To gain a quantitative profile of the expression, we selected the most abundant miRNAs, namely hsa-mir-5588-5p, hsa-mir-3658, hsa-mir-567 and hsa-mir-3908, to detect their expression in blood leukocytes as well as in CSF and serum from MCI-AD patients. Using real-time strategy, we detected that, among these, only hsa-miR-567 has been found to be highly expressed in blood, leukocytes and CSF, substantially upregulated with a twofold induction in the group of MCI-AD patients compared with the other selected miRNAs (p* < 0.05) (Fig. 2). Subsequently, we compared miRNA profiles of our MCI-AD patients with a group of 18 age- and sex-matched AD patients, in order to explore a possible variability in the miRNA expression profile between these two groups.
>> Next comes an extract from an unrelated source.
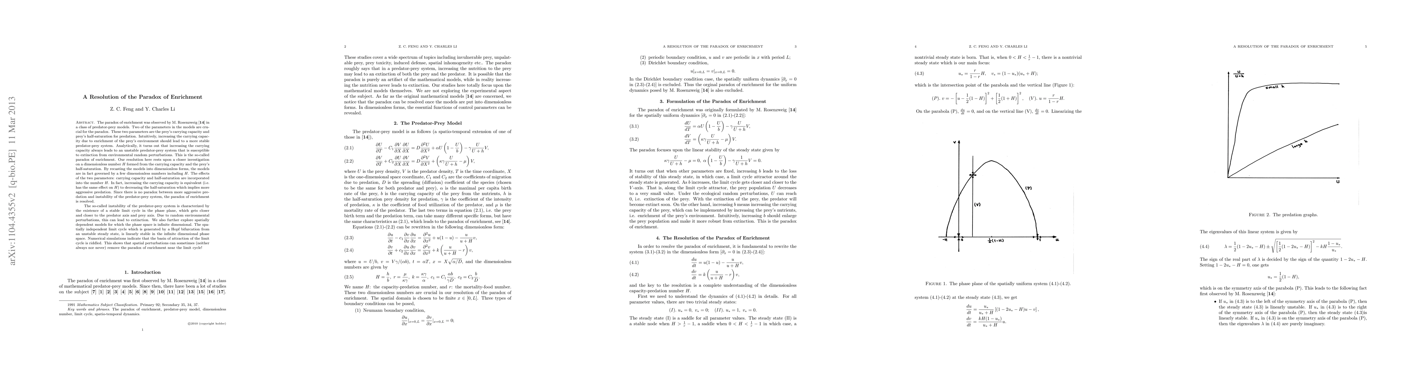 This research resolves the paradox of enrichment in predator-prey systems by showing that spatial perturbations can remove the paradox.
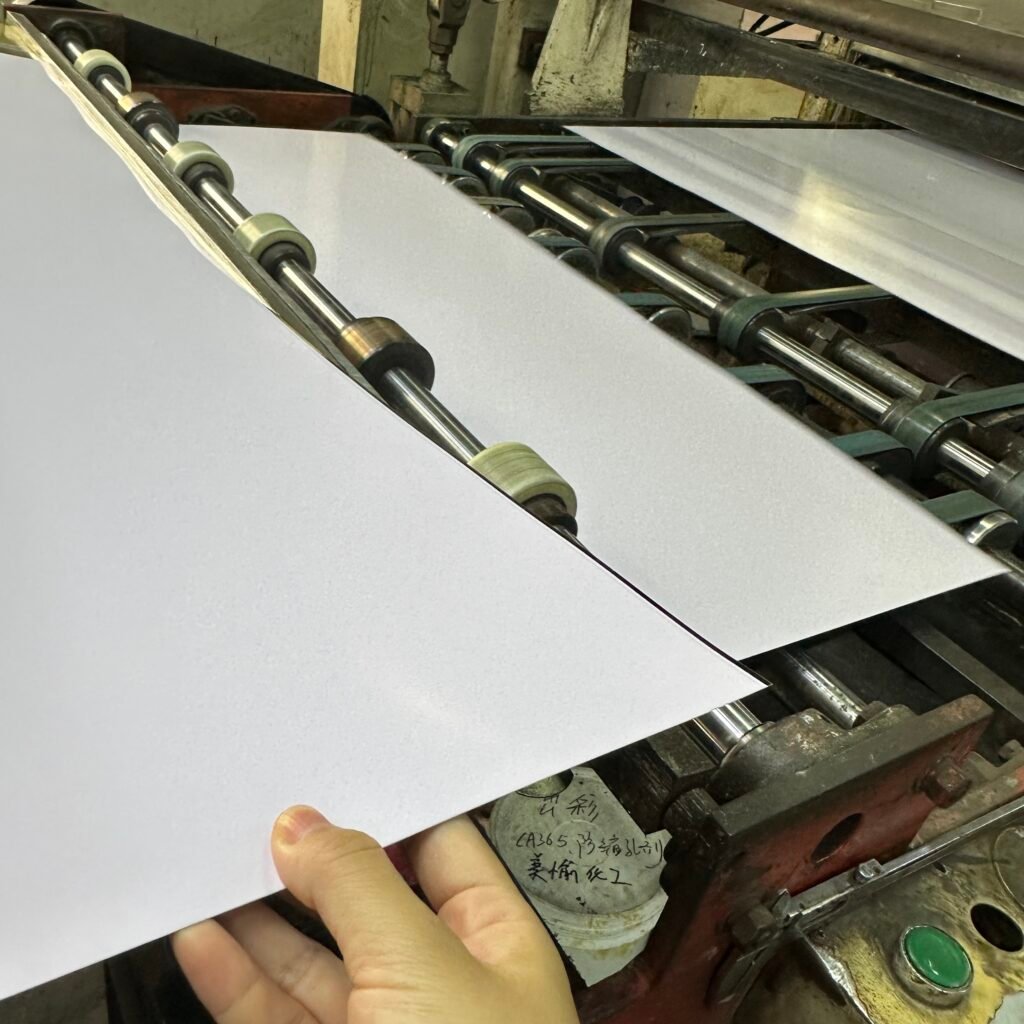 A varnish/overprint coating (glossy, matte, or spot UV) is applied to protect the ink and enhance appearance.

We found that three of such four miRNAs were more expressed in MCI-AD compared with AD patients (p*-value cut-off < 0.05). Indeed, hsa-mir-5588-5p, hsa-mir-3658 and hsa-mir-567 were upregulated in blood leukocytes as well as in CSF and serum from MCI-AD compared with AD patients (Fig. 3), whereas hsa-mir-3908 was downregulated in MCI-AD. Among miRNAs that displayed a different expression profile between MCI-AD and AD groups, interestingly, hsa-mir-567 showed the highest fold changes and the highest statistical significance in MCI-AD in leukocytes, serum and CSF (p* < 0.05) (Fig. 4). CSF represents the most helpful biological sample for the evaluation of potential biomarkers of neurodegenerative diseases. In fact, since it is in close contact with the central nervous system, it could reflect biochemical and/or physiological changes that occur in the brain. However, miR-567 was upregulated in blood and serum too, indicating a common upregulated microRNA in all the tissues from MCI-AD patients. Moreover, in order to evaluate a potential role of hsa-mir-567 as AD pathology biomarker, we compared hsa-mir-567 serum expression in MCI-AD and AD patients with serum from 30 healthy age- and sex-matched subjects. This further analysis showed a significant upregulation of hsa-mir-567 in MCI-AD and AD patients compared with healthy controls (p* < 0.05) (Fig. 5). This result could be important and must be further verified, especially by correlating it with the progression of MCI-AD in AD. From this point of view, the miR-567 variations could represent a potential and early biomarker of progression of MCI-AD in AD.

Fig. 2.

Fig. 2

MicroRNA expression levels in the leukocytes of MCI-AD patients. The expression of microRNAs was studied in blood leukocytes, serum and CSF of MCI patients, by microRNA assay-based quantitative real-time PCR following the delta-delta Ct method. Statistically significant differences were tested at *p < 0.05

Fig. 3.

Fig. 3

MicroRNA expression levels in the leukocytes of MCI-AD and AD patients. The expression of microRNAs was studied in blood leukocytes, serum and CSF from MCI and AD patients, by microRNA assay-based quantitative real-time PCR following the delta-delta Ct method. Statistically significant differences were tested at *p < 0.05

Fig. 4.

Fig. 4

Average level of hsa-mir-5588-5p, hsa-mir-3658 and hsa-miR-567 expression from MCI-AD and AD patients. *p < 0.05

Fig. 5.

Fig. 5

Real-time PCR analyses of hsa-miR-567 in sera from MCI-AD and AD patients versus healthy age-matched subjects (HS). *p < 0.05

Computational Predictions of the Putative Targets of miR-567

The overlap between putative targets of miRNAs and the expression of mRNAs provides information on the biological functions and networks of genes regulated by specific miRNAs. Therefore, we explored putative hsa-mir-567 target genes by searching them on three distinct web-accessible miRNA target databases, including TargetScan, PicTar and miRDB. In particular, we submitted the target genes obtained from this approach to the KEGG pathway and Gene Ontology tools, both implemented in the String database.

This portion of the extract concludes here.